◆ DATA PROVIDED ◆
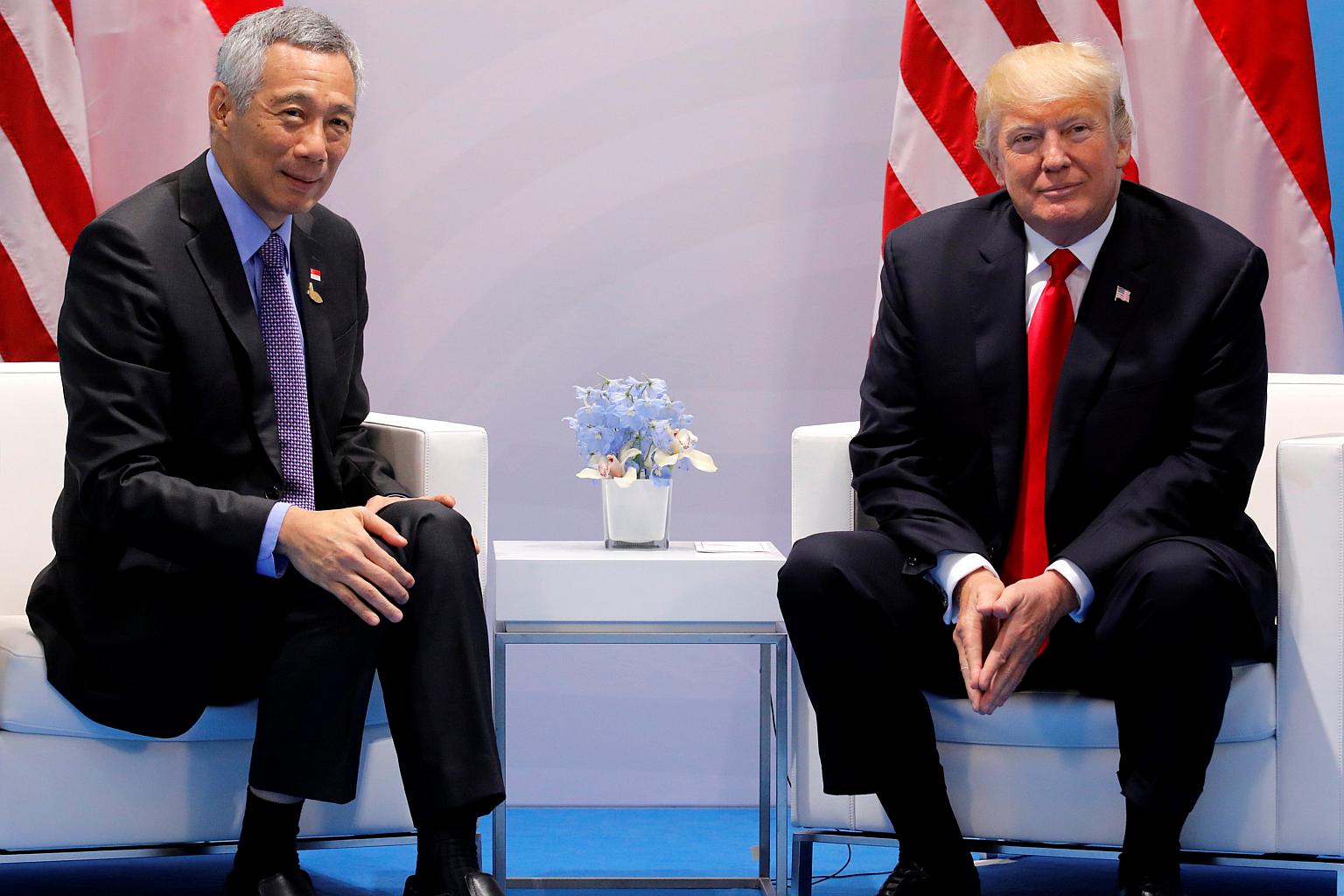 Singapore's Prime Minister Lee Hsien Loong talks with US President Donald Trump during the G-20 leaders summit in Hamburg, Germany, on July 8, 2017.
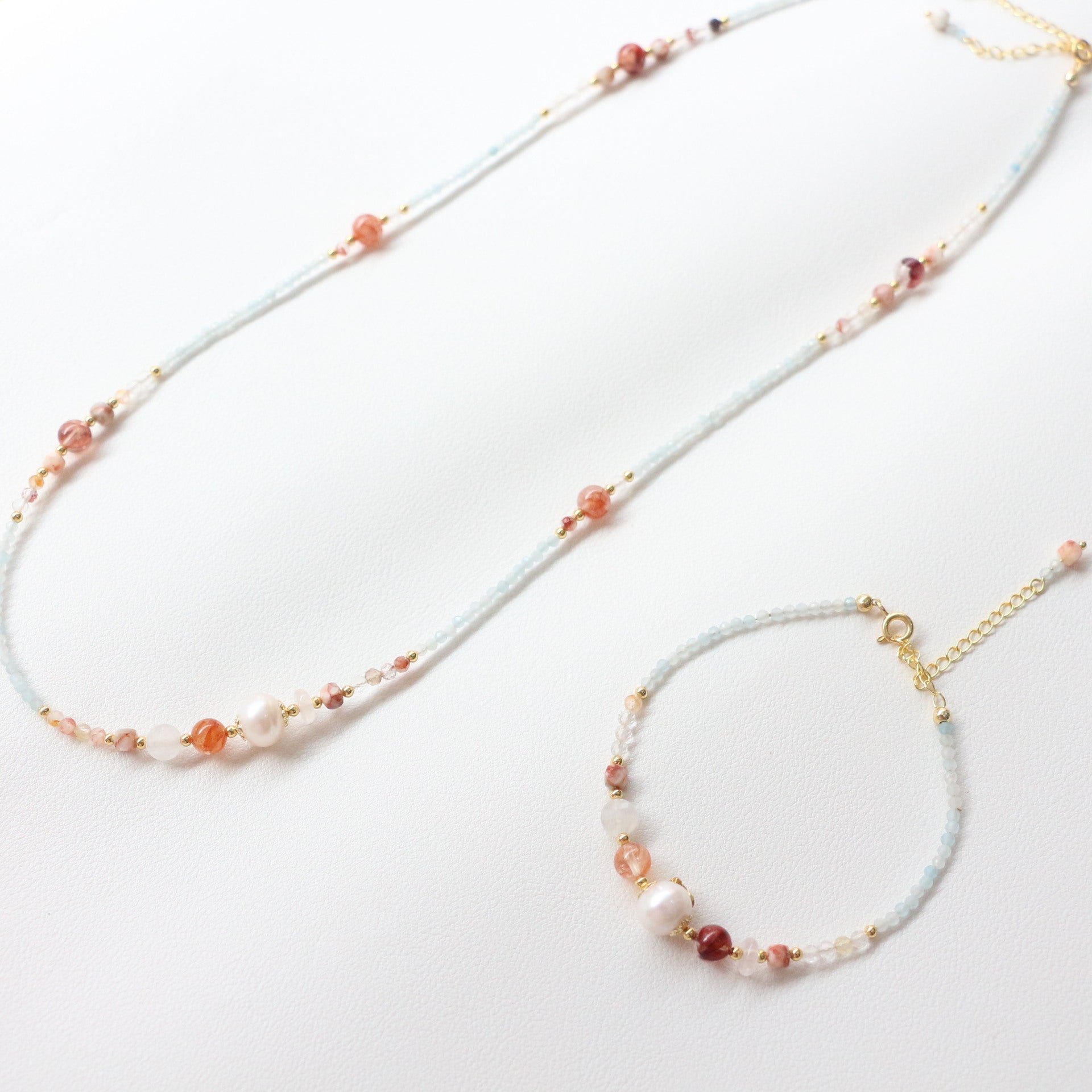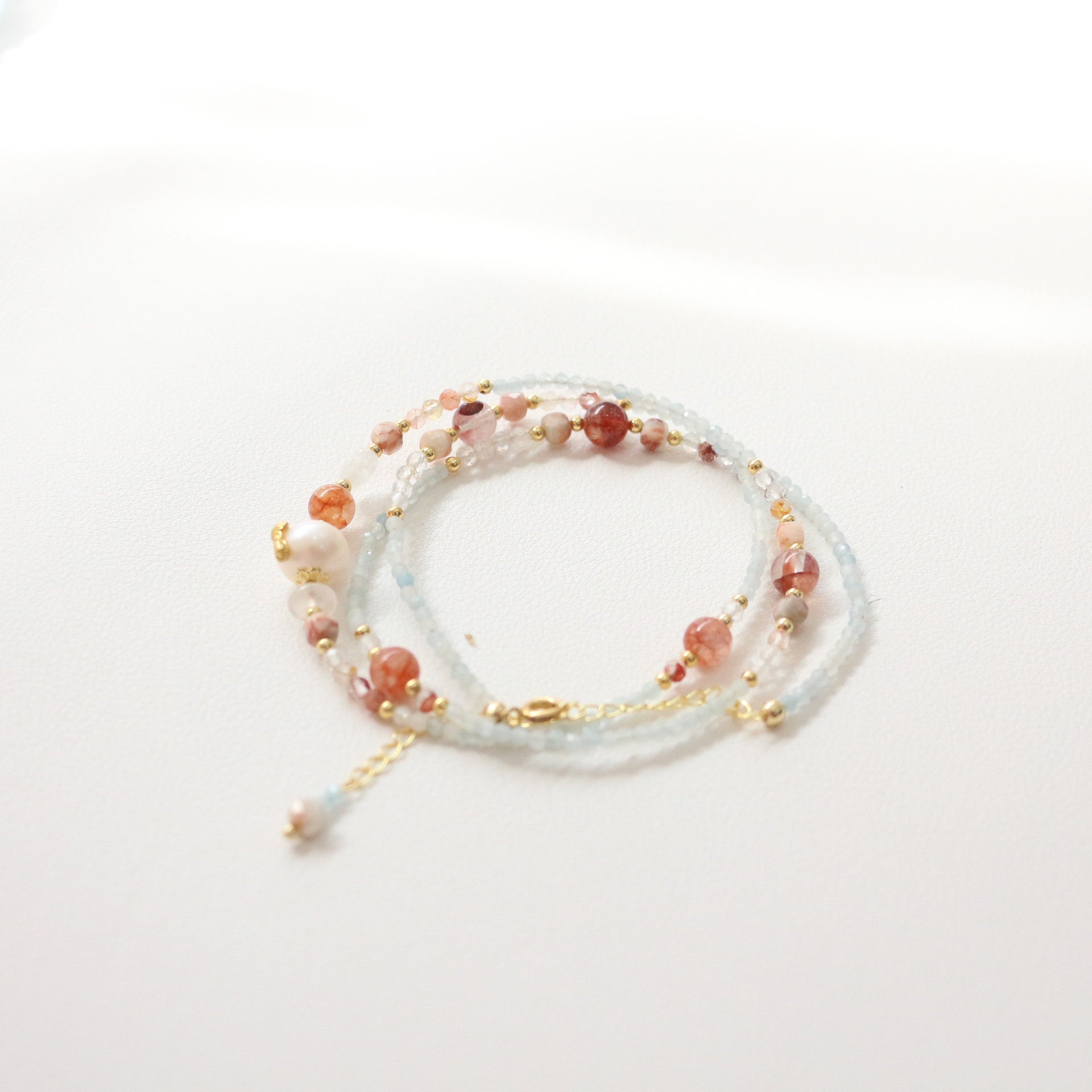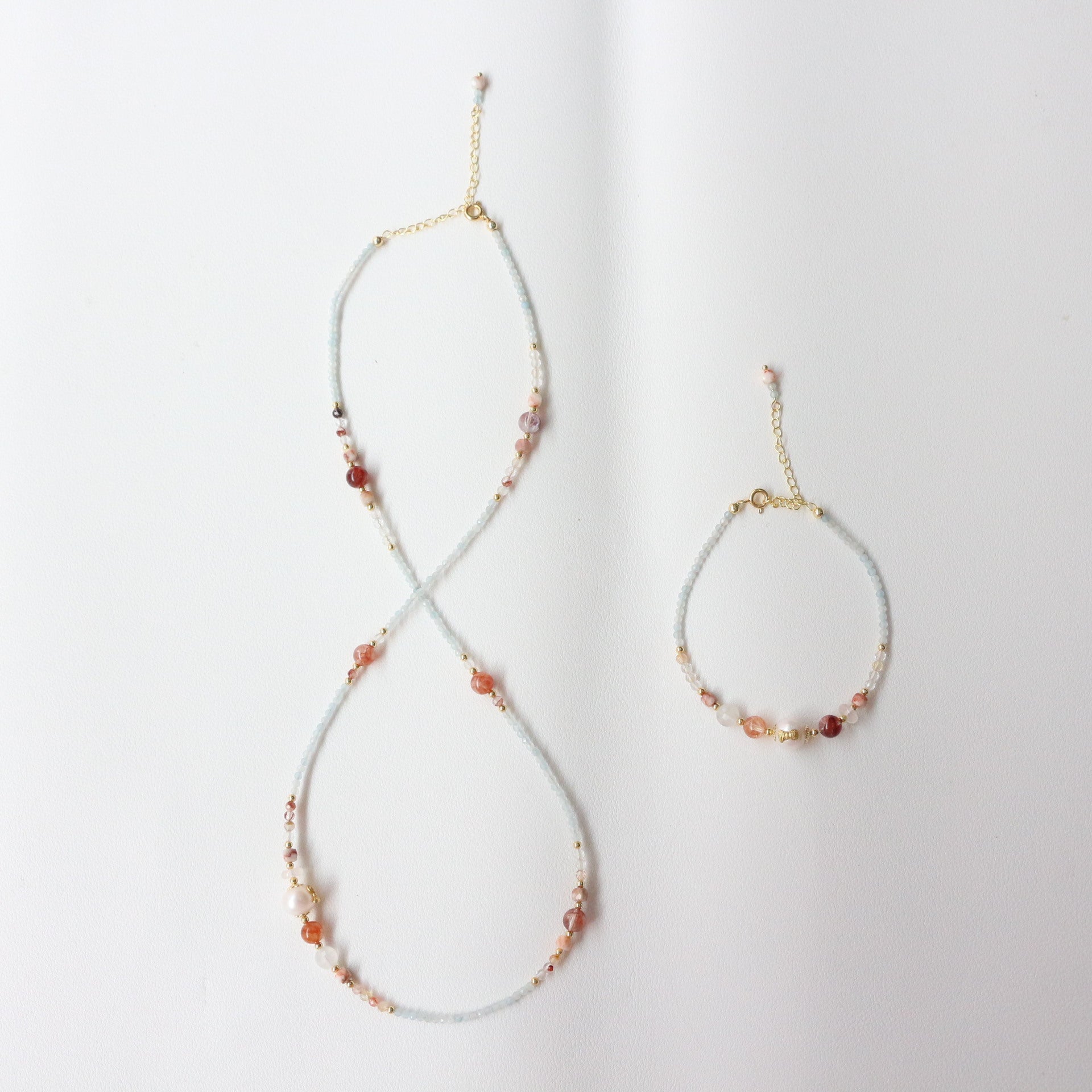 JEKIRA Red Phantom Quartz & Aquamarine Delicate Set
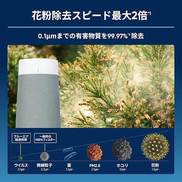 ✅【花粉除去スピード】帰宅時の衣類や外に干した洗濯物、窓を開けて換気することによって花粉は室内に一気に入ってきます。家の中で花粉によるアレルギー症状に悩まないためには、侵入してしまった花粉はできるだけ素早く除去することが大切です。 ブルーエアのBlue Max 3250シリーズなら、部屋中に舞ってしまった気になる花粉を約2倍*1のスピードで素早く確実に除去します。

◆ YOUR TASK ◆
Apart from the pictures, restate all of the listing above exactly.

◆ ANSWER TO THE EXERCISE ◆
 Singapore's Prime Minister Lee Hsien Loong talks with US President Donald Trump during the G-20 leaders summit in Hamburg, Germany, on July 8, 2017.
 JEKIRA Red Phantom Quartz & Aquamarine Delicate Set
 ✅【花粉除去スピード】帰宅時の衣類や外に干した洗濯物、窓を開けて換気することによって花粉は室内に一気に入ってきます。家の中で花粉によるアレルギー症状に悩まないためには、侵入してしまった花粉はできるだけ素早く除去することが大切です。 ブルーエアのBlue Max 3250シリーズなら、部屋中に舞ってしまった気になる花粉を約2倍*1のスピードで素早く確実に除去します。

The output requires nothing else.